# THE PROBLEM
Reproduce the records that follow without alteration, apart from removing the pictures.

# DATA SUPPLIED
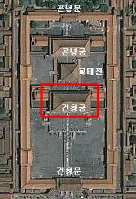 자금성(紫禁城) 내정(內廷)의 정전(正殿)으로 명대(明代)를 거쳐 청(淸) 강희년간까지 황제들의 침실과 일반 집무실로 사용되었던 침궁(寢宮)입니다. 이곳에서 기거한 황제는 명, 청대 황제 중 14명이었습니다. 옹정(雍正)제 때 양심전(養心殿)으로 침궁을 이전하였으며 건청궁은 더 이상 침실로 사용하지 않게된 후 여러 의식을 거행하고 관원들 및 외국사절들을 접견하는 등의 공식적인 국정 수행의 장소로 이용되었습니다.
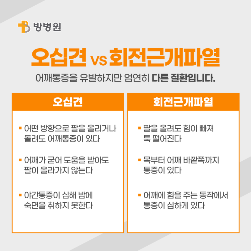 또 책상 앞에 오래 앉아 공부를 하거나 컴퓨터 작업을 많이 하는 경우에도 발생할 확률이 높습니다.이외에도 견관절을 과도하게 사용할 경우 어깨관절 내에서 선행질환이 염증을 일으켜 발생할 수도 있습니다.여러 요인으로 인해 오십견 증상이 나타나는 경우는 낮보다 밤에 통증이 심해지는 경우가 많아 팔을 들어올리는 동작을 할 때 많은 불편을 느낄 수 있습니다.또한 손을 들고 움직이는 머리카락 감기, 면도, 빗질 등을 할 수 없을 정도의 통증이 나타나기도 합니다.
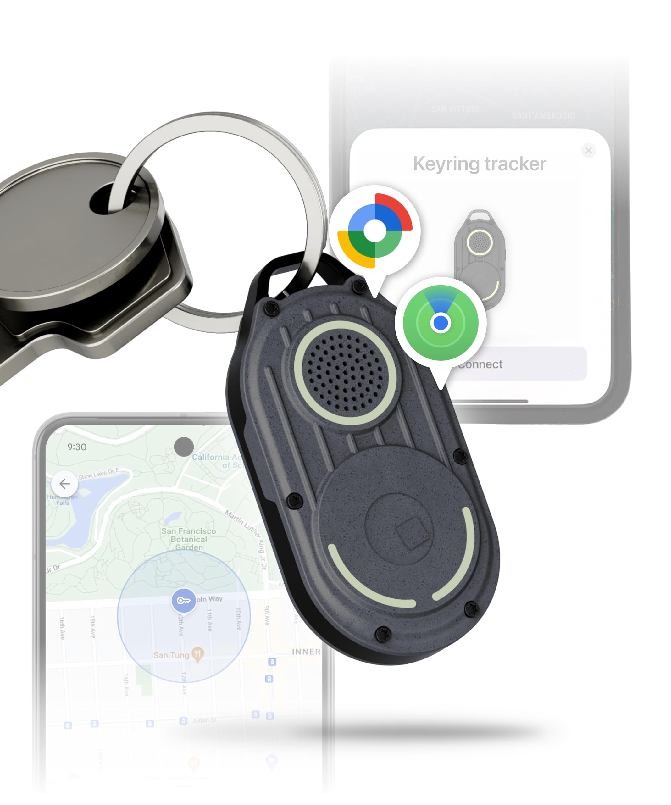 - 360° OMNIDIRECTIONAL SOUND – Equipped with dual buzzers (20mm and 15mm) on opposite sides, it delivers a loud, clear sound in all directions. Easily trigger sound through the Apple Find My app or Siri to find your items even in tight spaces.
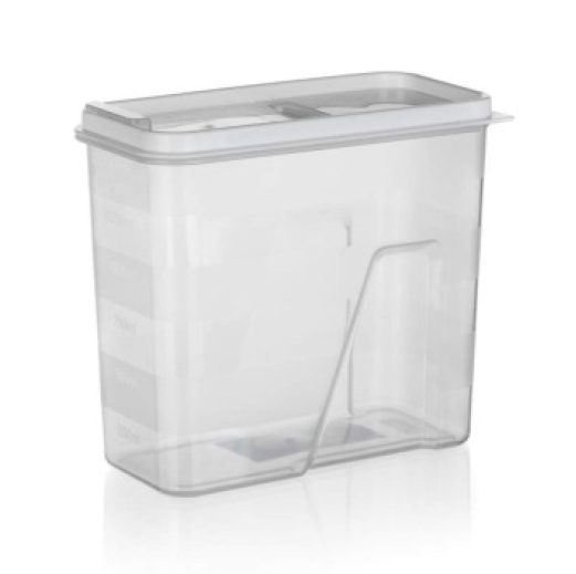 Transparentní plastová dóza CULINARIA o objemu 1,5 litru, s víčkem v bílé barvě. Dóza je praktickým pomocníkem na ukládání těstovin, luštěnin, mouky a jiných potravin. Odměrné rysky na stěně dózy po 250 ml. Rozměry 17,6 x 8,6 x 15,7 cm. Vhodná do myčky nádobí a mikrovlnné trouby. EAN...
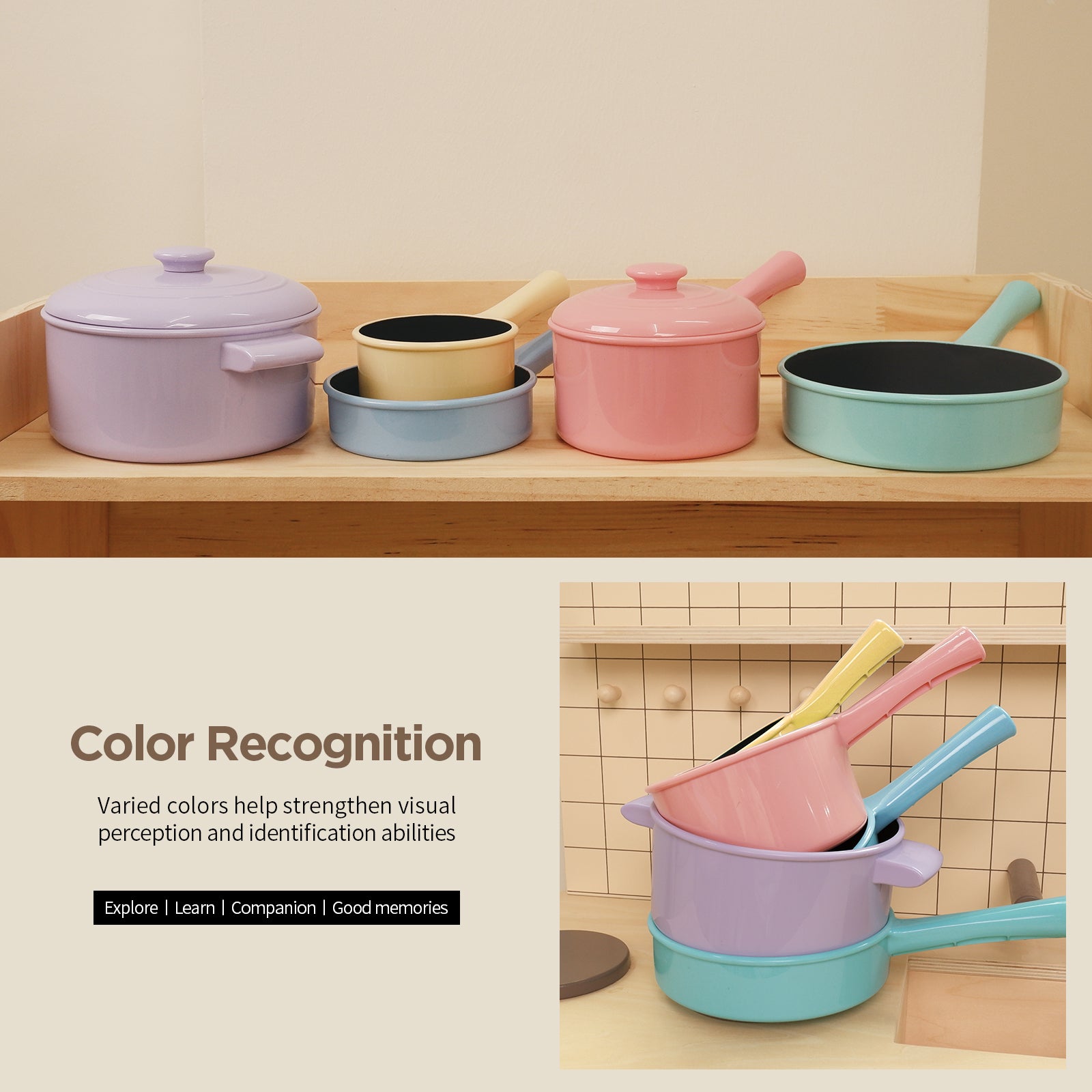 · Kitchen playset toy set include colorful play pots and pans with lid and handles, utensils, egg, cabbage, carrot, chili pepper, kiwi, water melon, eggplant, fish, crab, knife and chopping board.

# RESPONSE TO THIS EXERCISE
 자금성(紫禁城) 내정(內廷)의 정전(正殿)으로 명대(明代)를 거쳐 청(淸) 강희년간까지 황제들의 침실과 일반 집무실로 사용되었던 침궁(寢宮)입니다. 이곳에서 기거한 황제는 명, 청대 황제 중 14명이었습니다. 옹정(雍正)제 때 양심전(養心殿)으로 침궁을 이전하였으며 건청궁은 더 이상 침실로 사용하지 않게된 후 여러 의식을 거행하고 관원들 및 외국사절들을 접견하는 등의 공식적인 국정 수행의 장소로 이용되었습니다.
 또 책상 앞에 오래 앉아 공부를 하거나 컴퓨터 작업을 많이 하는 경우에도 발생할 확률이 높습니다.이외에도 견관절을 과도하게 사용할 경우 어깨관절 내에서 선행질환이 염증을 일으켜 발생할 수도 있습니다.여러 요인으로 인해 오십견 증상이 나타나는 경우는 낮보다 밤에 통증이 심해지는 경우가 많아 팔을 들어올리는 동작을 할 때 많은 불편을 느낄 수 있습니다.또한 손을 들고 움직이는 머리카락 감기, 면도, 빗질 등을 할 수 없을 정도의 통증이 나타나기도 합니다.
 - 360° OMNIDIRECTIONAL SOUND – Equipped with dual buzzers (20mm and 15mm) on opposite sides, it delivers a loud, clear sound in all directions. Easily trigger sound through the Apple Find My app or Siri to find your items even in tight spaces.
 Transparentní plastová dóza CULINARIA o objemu 1,5 litru, s víčkem v bílé barvě. Dóza je praktickým pomocníkem na ukládání těstovin, luštěnin, mouky a jiných potravin. Odměrné rysky na stěně dózy po 250 ml. Rozměry 17,6 x 8,6 x 15,7 cm. Vhodná do myčky nádobí a mikrovlnné trouby. EAN...
 · Kitchen playset toy set include colorful play pots and pans with lid and handles, utensils, egg, cabbage, carrot, chili pepper, kiwi, water melon, eggplant, fish, crab, knife and chopping board.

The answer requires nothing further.